In [1]:
# basics
import os
import time
import numpy as np

# EDA
import pandas as pd
import matplotlib.pyplot as plt
import seaborn as sns
from PIL import Image

# Data preprocessing
import tensorflow as tf
import tensorflow_io as tfio
from sklearn.model_selection import train_test_split

# Deep learning
from tensorflow.keras.applications import ResNet50, VGG16, InceptionV3
from tensorflow.keras import layers
from tensorflow.keras.models import Sequential

# utilities
from tensorflow.keras.models import load_model

In [2]:
# Define the directory path
directory_path = '/content/drive/MyDrive/Akshay /plant'

# Construct file paths based on the directory path
sample_data_path = os.path.join(directory_path, 'sample_submission.csv')
train_data_path = os.path.join(directory_path, 'train.csv')
test_data_path = os.path.join(directory_path, 'test.csv')
model_path = os.path.join(directory_path, 'paddy_disease_model.h5')
notebook_copy1_path = os.path.join(directory_path, 'Untitled6-Copy1.ipynb')
notebook_path = os.path.join(directory_path, 'Untitled6.ipynb')
images_dir = os.path.join(directory_path, 'images')
checkpoints_dir = os.path.join(directory_path, '.ipynb_checkpoints')

# Read the CSV files
sample_data = pd.read_csv(sample_data_path)
train_data = pd.read_csv(train_data_path)
test_data = pd.read_csv(test_data_path)

# Set the image directory
image_dir = images_dir + '/'

# Output the constructed file paths and directory paths
print("Sample Data Path:", sample_data_path)
print("Train Data Path:", train_data_path)
print("Test Data Path:", test_data_path)
print("Model Path:", model_path)
print("Notebook Copy1 Path:", notebook_copy1_path)
print("Notebook Path:", notebook_path)
print("Images Directory:", images_dir)
print("Checkpoints Directory:", checkpoints_dir)

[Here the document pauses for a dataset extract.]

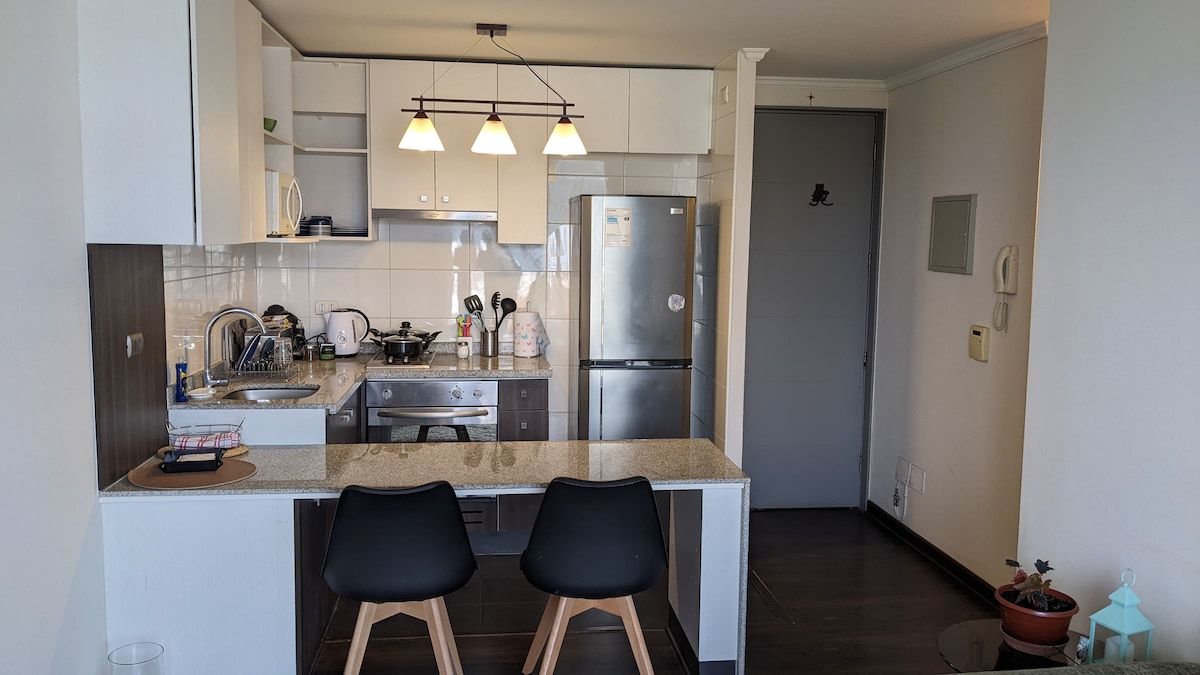 Bain sult as an Roinn Centro álainn compordach seo in Concepción. Tá leaba dhúbailte Cic Premium, 1 seomra folctha, teilifís, netflix agus idirlíon ann. Cistin fheistithe le hoigheann, cuntar 2 chúrsa, cochall, gréithe agus gréithe, citeal, tóstaer, micreathonnán, srl. Tá rochtain concierge 24 uair an chloig aige. Níl Peata ar bith ann.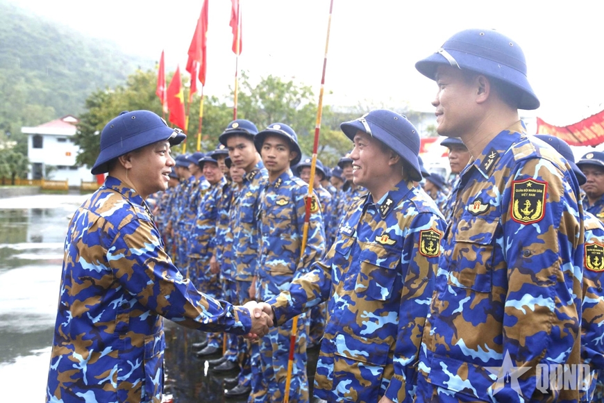 Chuẩn đô đốc Nguyễn Đăng Tiến, Bí thư Đảng ủy, Chính ủy Vùng 3 Hải quân động viên bộ đội trước khi lên đường.

FileNotFoundError: [Errno 2] No such file or directory: '/content/drive/MyDrive/Akshay /plant\\sample_submission.csv'

In [None]:
def print_short_summary(name, data):
    """
    Print data head, shape and info.

    Args:
        name (str): name of dataset
        data (dataframe): dataset in a pd.DataFrame format
    """
    print(name)
    print('\n1. Data head:')
    print(data.head())
    print('\n2. Data shape: {}'.format(data.shape))
    print('\n3. Data info:')
    data.info()

def print_number_files(dirpath):
    print('{}: {} files'.format(dirpath, len(os.listdir(dirpath))))

In [None]:
print_short_summary('Train data', train_data)

In [None]:
print_short_summary('Test data', test_data)

In [None]:
print_short_summary('Sample data', sample_data)

In [None]:
print_number_files('/content/drive/MyDrive/Akshay /plant/images')

In [None]:
# Cleaning
del print_short_summary, print_number_files

In [None]:
# Plot horizontal barplot of number of records per label
plt.figure(figsize=(16, 9))
tmp = train_data.iloc[:, 1:].sum().values
tmp = pd.DataFrame(tmp, train_data.columns[1:]).sort_values(by=[0], ascending = False)
sns.barplot(y = tmp.index, x = np.ravel(tmp.values), orient='h')
plt.xlabel('Number of records')
plt.ylabel('Label')
plt.title('Number of records per label')
plt.show()

In [None]:
def get_images_to_plot(file_names):
    """
    Return list of image objects.

    Args:
        file_names: list of filenames
    Returns:
        list: list of image objects
    """
    return [Image.open(f) for f in file_names]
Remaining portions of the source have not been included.